Rebobinei fitas de VHS e fitas K7 como tecnologias de ponta.
Ouvi CD, vi chegarem os primeiros DVDs, caríssimos! Coisa de rico!
Ouvi o modem chiando nas madrugadas, para não pagarmos muitos pulsos telefônicos.
Vi os primeiros Nokia "tijolões" analógicos, que só funcionavam no meio da rua.
Vi o câmbio automático ser implementado.
Depois, surgiram os "total flex".
Agora vejo foguetes dando ré e carros que andam sem motorista.
Se naqueles 70's, no Sertão pernambucano, algum visitante interdimensional tivesse cruzado o caminho daquela menininha que atravessava a cidade a pé, sozinha, pra estudar no Japiassu, e tivesse falado pra ela sobre essas coisas... Ah! Ela, certamente, contaria em casa que encontrou um louco no caminho da escola e ele falou um tanto de bobagens sem nenhum sentido, coisas que jamais aconteceriam de verdade.

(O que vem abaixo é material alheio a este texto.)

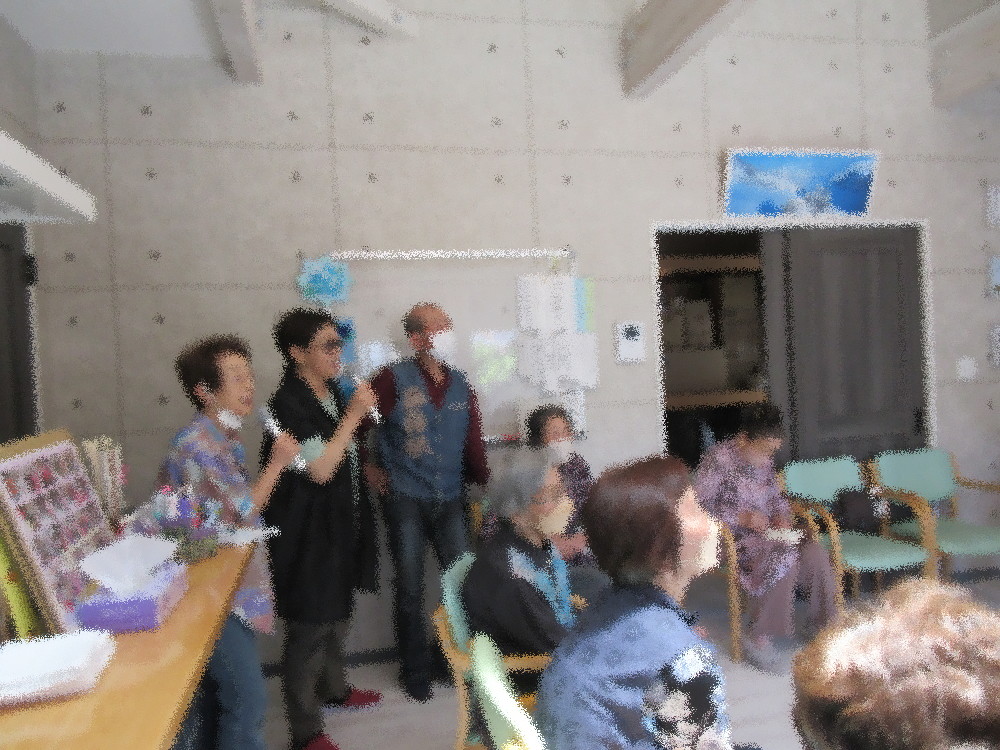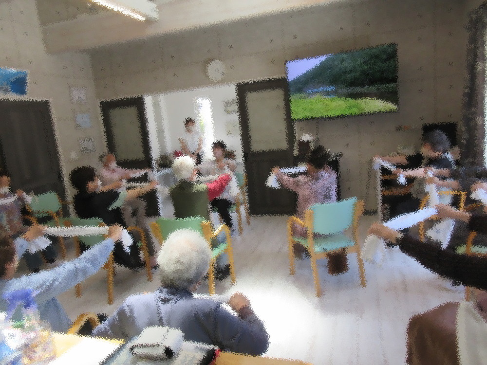 本日のサロンでは全身を摩ったり伸ばしたりと簡単なストレッチからのんびりと始まりました。 耳のストレッチや肩周りの運動・下半身のストレッチや筋トレを行いタオルを使って更に伸ばしていきました。 タオルの両端を持って腕の上げ下げや上半身をひねっていき、 最後は指先の運動もかねてタオルを伸ばした状態から誰が一番早く指先だけで集められるかを競っていきました! みなさんとっても早く、競技となるとみなさん燃えるようで「終わった!」と大きな声で知らせて下さっていました! 体操の後はみなさんで円になって穴埋めクイズをしました。 「お題は “あ○○い” 梅雨の時期に咲く花です」というようなクイズを行ったのですが クイズのコツを掴むまではスタッフからのヒントを待っていたのですが最後の方はすぐに答えられていました!
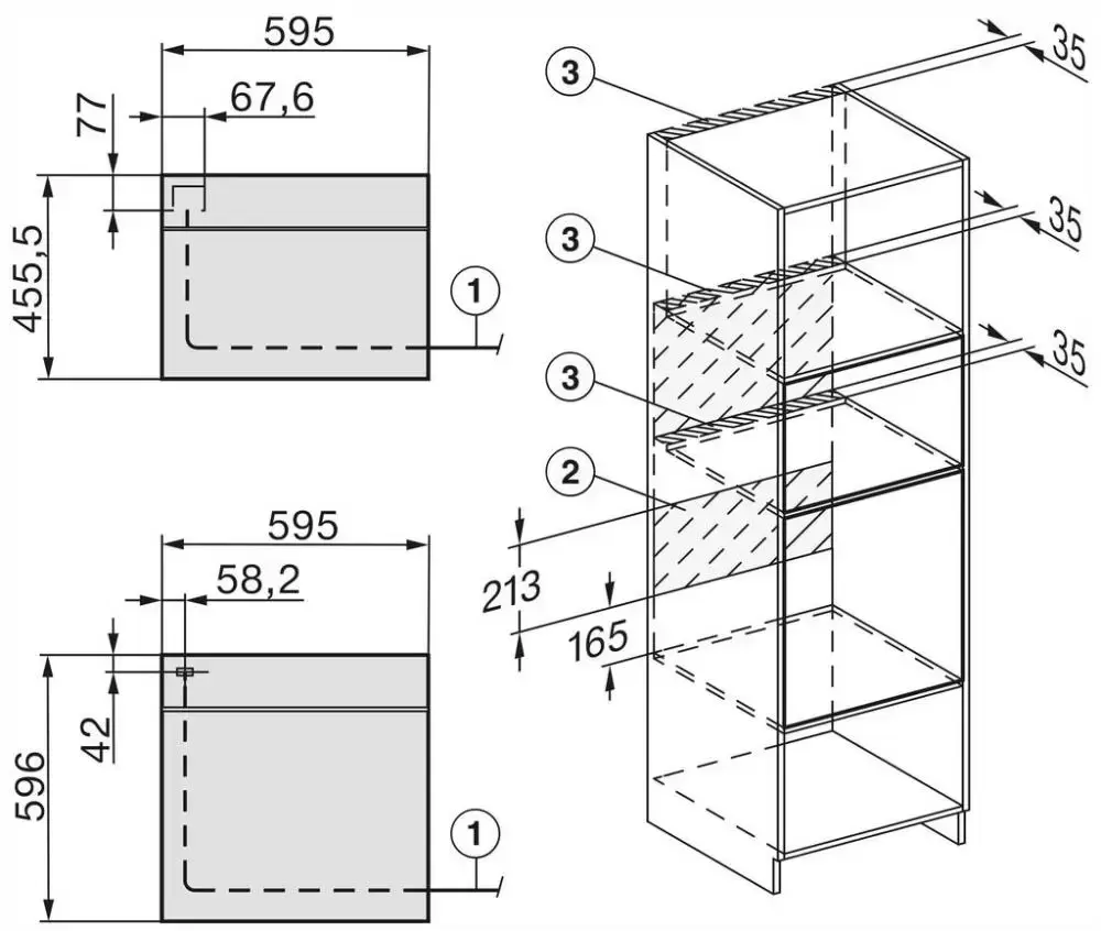 | Размеры ниши для встраивания (ВхШхГ) (см) | 59-59.5х56-56.8х55 | |
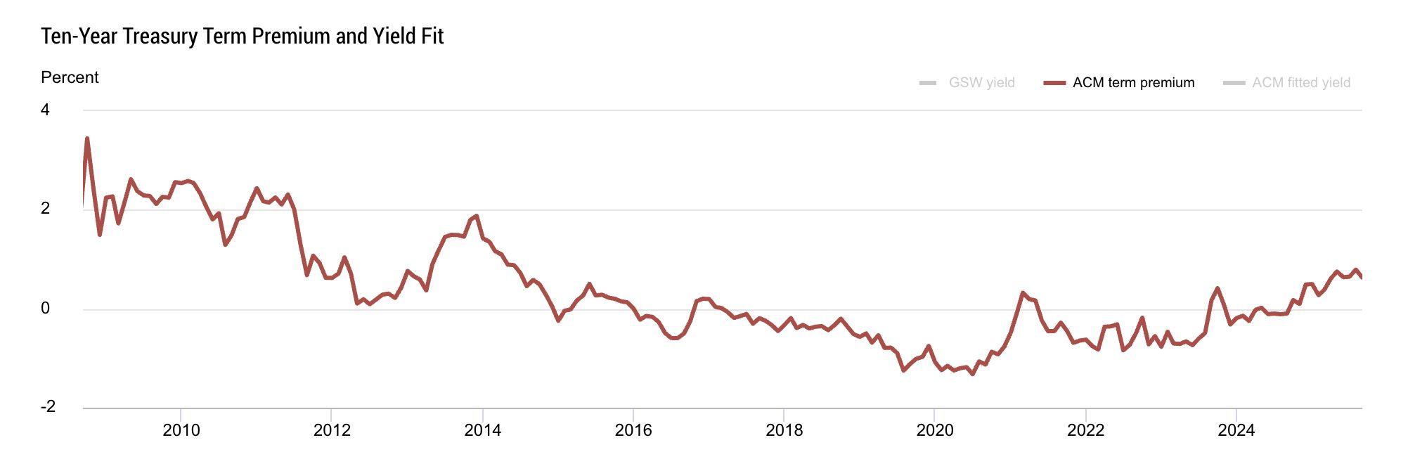 長期公債的「期限溢酬」(term premium)——即投資人為承擔長期持有風險而要求的額 外報酬 近期由負轉正。這是五年來首次出現正值,標誌著投資人情緒的明顯轉變:市 場不再僅關注衰退風險,而是開始要求對財政赤字與通膨不確定性的風險補償。

E todos ririam dele e de tudo aquilo que ele lhe contara, como se delírio fosse.
O mundo não gira. Ele dá umas cambalhotas de acrobata, uns loopings de montanha-russa e uns chacoalhos de caminhão desgovernado, de vez em quando!
Em 50 anos eu já visitei tantas eras, que fico a pensar se não se passaram algumas dúzias de séculos, enquanto eu lia Orígenes Lessa em cima da laje da Saldanha da Gama, 144.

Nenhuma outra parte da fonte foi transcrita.